§ **ACTIVITY**:
Once you find the line with "La grúa de carga con" in the entries below, return exactly every line from it through the line with "Mit dem Anstieg".

§ **PROVIDED MATERIAL**:
****************************************

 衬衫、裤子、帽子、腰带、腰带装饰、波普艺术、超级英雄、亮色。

****************************************

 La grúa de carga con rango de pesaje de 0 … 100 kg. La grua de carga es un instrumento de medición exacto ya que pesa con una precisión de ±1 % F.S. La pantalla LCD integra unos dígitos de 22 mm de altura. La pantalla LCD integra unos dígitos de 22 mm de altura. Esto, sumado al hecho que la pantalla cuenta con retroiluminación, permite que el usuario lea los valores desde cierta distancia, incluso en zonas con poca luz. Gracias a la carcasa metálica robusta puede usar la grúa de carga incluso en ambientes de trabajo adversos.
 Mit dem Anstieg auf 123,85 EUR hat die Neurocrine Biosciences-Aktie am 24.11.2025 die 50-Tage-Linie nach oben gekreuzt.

****************************************

§ **ANSWER TO THE EXERCISE**:
 La grúa de carga con rango de pesaje de 0 … 100 kg. La grua de carga es un instrumento de medición exacto ya que pesa con una precisión de ±1 % F.S. La pantalla LCD integra unos dígitos de 22 mm de altura. La pantalla LCD integra unos dígitos de 22 mm de altura. Esto, sumado al hecho que la pantalla cuenta con retroiluminación, permite que el usuario lea los valores desde cierta distancia, incluso en zonas con poca luz. Gracias a la carcasa metálica robusta puede usar la grúa de carga incluso en ambientes de trabajo adversos.
 Mit dem Anstieg auf 123,85 EUR hat die Neurocrine Biosciences-Aktie am 24.11.2025 die 50-Tage-Linie nach oben gekreuzt.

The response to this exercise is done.